» Prompt: Leaving out every picture, quote the data below exactly as it appears.

» Given information:
━━━━━━━━━━━━━━━━━━━━

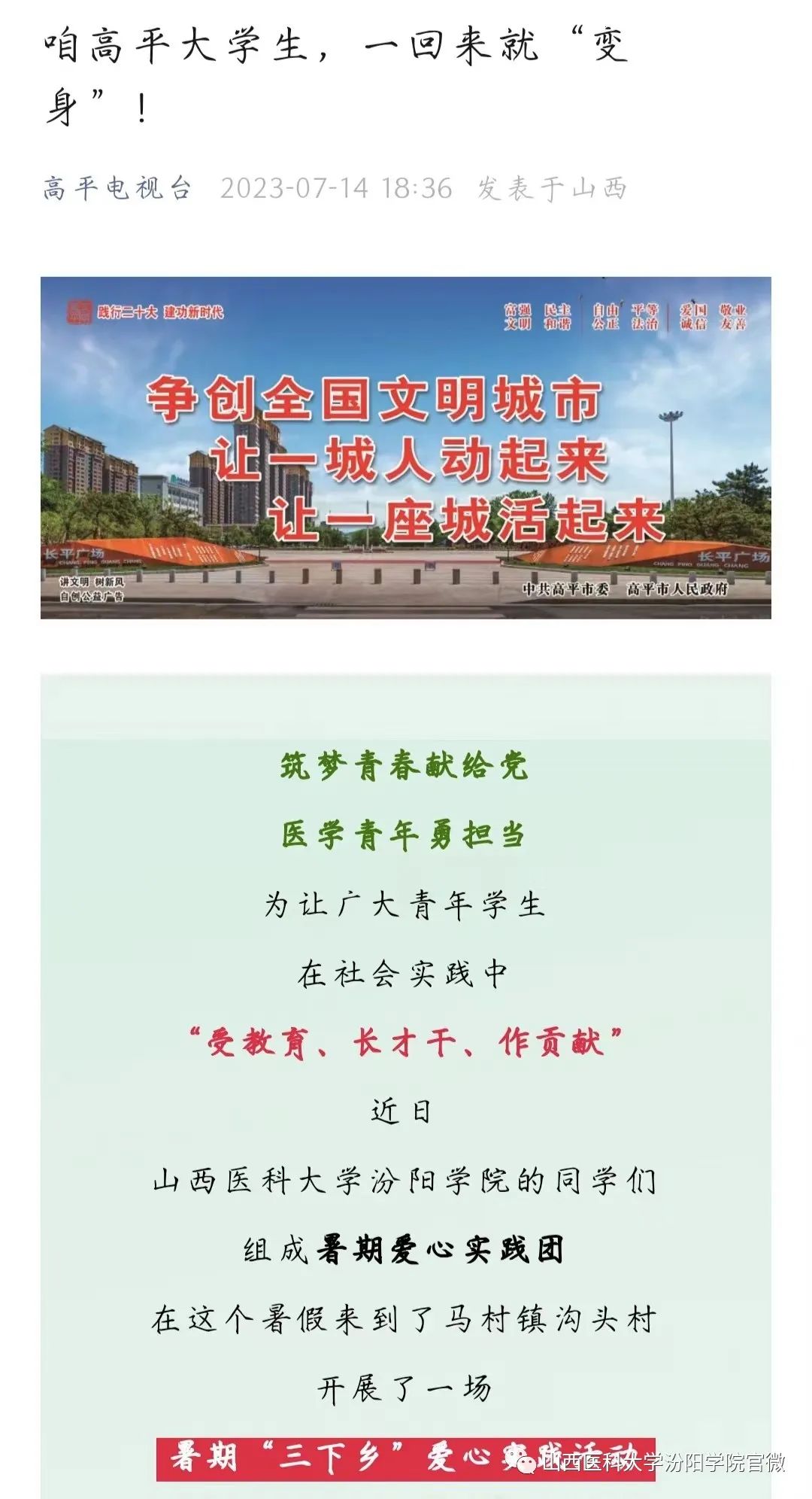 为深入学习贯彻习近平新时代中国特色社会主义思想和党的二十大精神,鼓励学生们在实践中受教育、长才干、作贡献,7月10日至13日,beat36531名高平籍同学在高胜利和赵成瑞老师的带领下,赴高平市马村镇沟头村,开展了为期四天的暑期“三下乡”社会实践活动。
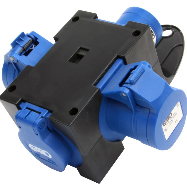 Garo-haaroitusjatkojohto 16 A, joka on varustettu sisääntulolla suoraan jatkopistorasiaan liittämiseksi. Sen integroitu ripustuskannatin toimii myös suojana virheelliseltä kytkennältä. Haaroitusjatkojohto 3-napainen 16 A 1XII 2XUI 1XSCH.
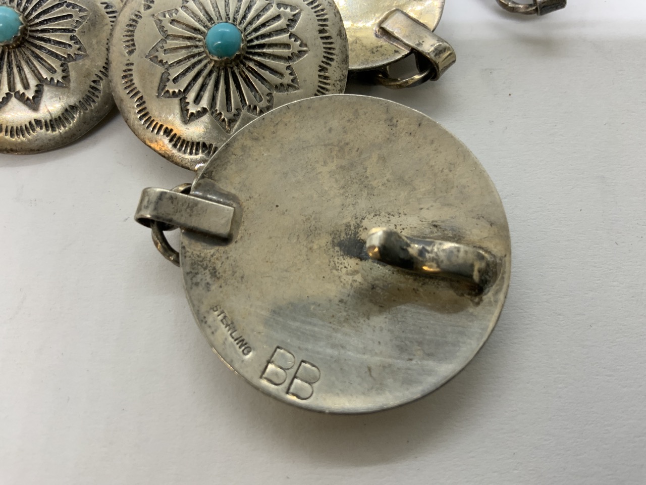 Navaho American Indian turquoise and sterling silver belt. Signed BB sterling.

━━━━━━━━━━━━━━━━━━━━

» Result for this exercise:
 为深入学习贯彻习近平新时代中国特色社会主义思想和党的二十大精神,鼓励学生们在实践中受教育、长才干、作贡献,7月10日至13日,beat36531名高平籍同学在高胜利和赵成瑞老师的带领下,赴高平市马村镇沟头村,开展了为期四天的暑期“三下乡”社会实践活动。
 Garo-haaroitusjatkojohto 16 A, joka on varustettu sisääntulolla suoraan jatkopistorasiaan liittämiseksi. Sen integroitu ripustuskannatin toimii myös suojana virheelliseltä kytkennältä. Haaroitusjatkojohto 3-napainen 16 A 1XII 2XUI 1XSCH.
 Navaho American Indian turquoise and sterling silver belt. Signed BB sterling.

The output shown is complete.